A depressão não é um distúrbio único: cerca de 50% (o número varia de acordo com quem você lê) daqueles com depressão grave têm ritmos de cortisol anormais. Normalmente, os níveis são um pouco mais altos pela manhã do que o normal, mas não diminuem como deveriam durante o dia, então o ritmo diário é achatado. Sabemos que isso afetará as funções cerebrais, e que o uso de esteróides semelhantes ao cortisol, que têm um efeito similar, pode resultar em humor deprimido.
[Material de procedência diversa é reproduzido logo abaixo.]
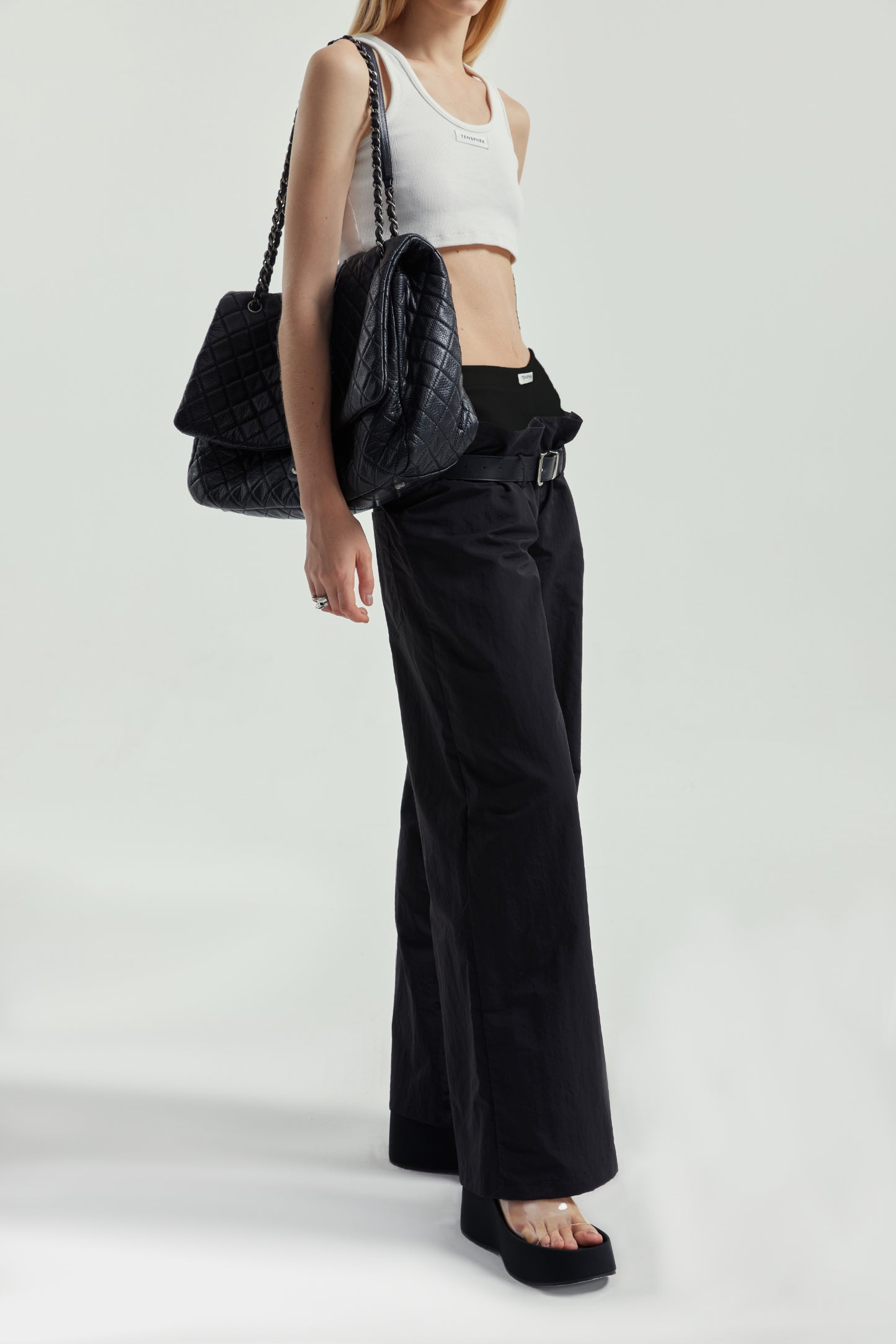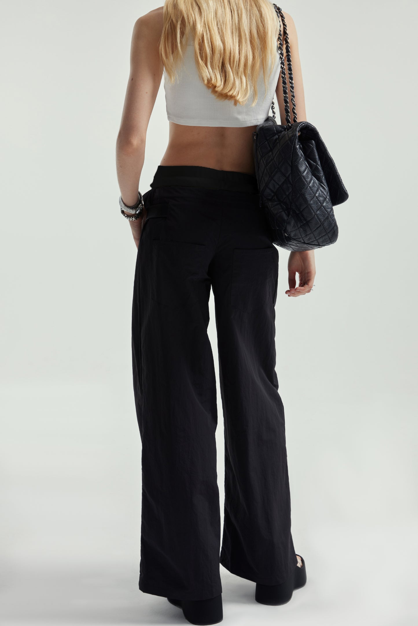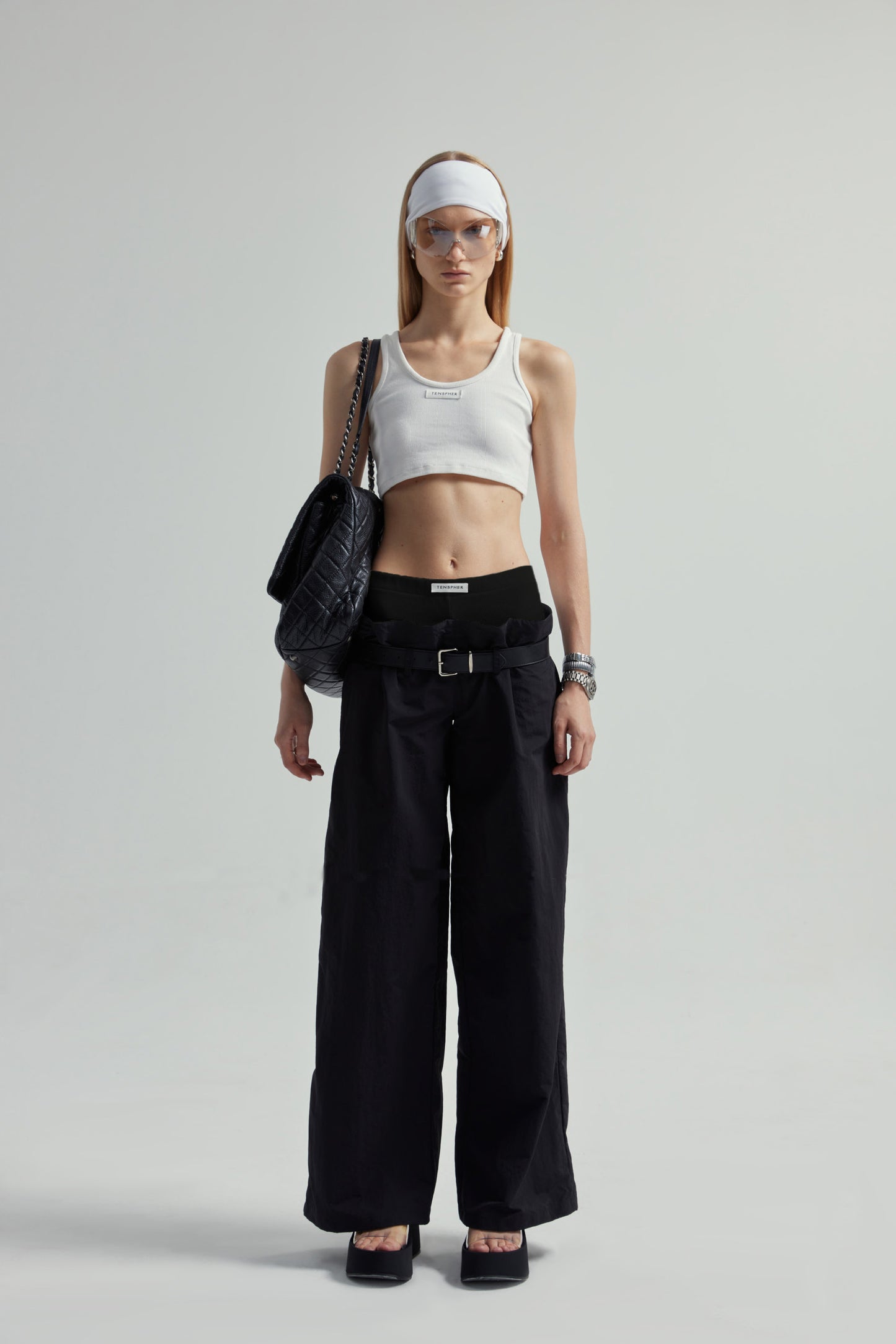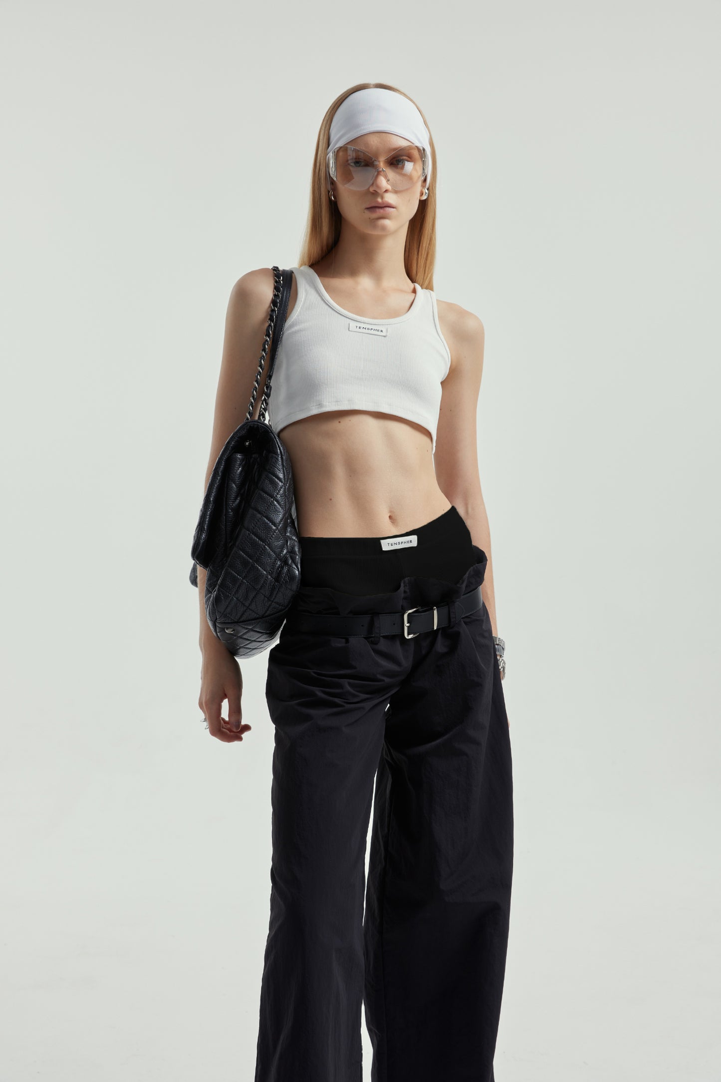 The ribbed patchwork fake two-piece cargo pants come with a detachable belt for adjustable fit. They feature a casual three-dimensional pleated design that adds a relaxed and stylish look. The waistband is made of stretchy ribbed fabric, offering comfort and flexibility. The pants are equipped with practical dual back pockets, making them a chic and fashionable choice.

Então, quanto o cortisol é responsável por alguns episódios de depressão, ou é um reflexo do distúrbio? Os argumentos se referem a isso: mas o tratamento do cortisol desordenado não faz parte da terapia padrão para a depressão. Talvez devesse ser, mas apenas naquelas em que o ritmo do cortisol é perturbado. Sabemos que expor o cérebro a níveis mais altos de cortisol ou perturbar os ritmos de cortisol pode danificá-lo ou torná-lo mais suscetível a outros agentes prejudiciais, incluindo os responsáveis pela doença de Alzheimer, nos quais os ritmos de cortisol também são anormais. Esta pode ser uma das razões pelas quais os portadores de Alzheimer tendem a perambular pela casa à noite.
Sob condições mais normais, o trabalho por turnos irá perturbar os ritmos, incluindo o cortisol. O relógio do SCN tem que se reinicializar constantemente à medida que as pessoas se deslocam para os turnos noturnos. Existe uma enorme literatura sobre as conseqüências do trabalho em turnos para a saúde, e métodos foram desenvolvidos para fazer transições de um ambiente para outro tão fácil e não prejudicial quanto possível. Tripulações de aeronaves são outro exemplo de mudanças frequentes no fuso horário. Ninguém realmente mostrou que isso é prejudicial, mas as companhias aéreas tomam precauções quanto ao número e à taxa de fusos horários aos quais seus funcionários estão expostos.
Lembre-se, da próxima vez que você se sentar naquele engarrafamento, é apenas um pequeno grupo de células nervosas no cérebro que impulsiona o ritmo da vida que você e todos os outros vivem.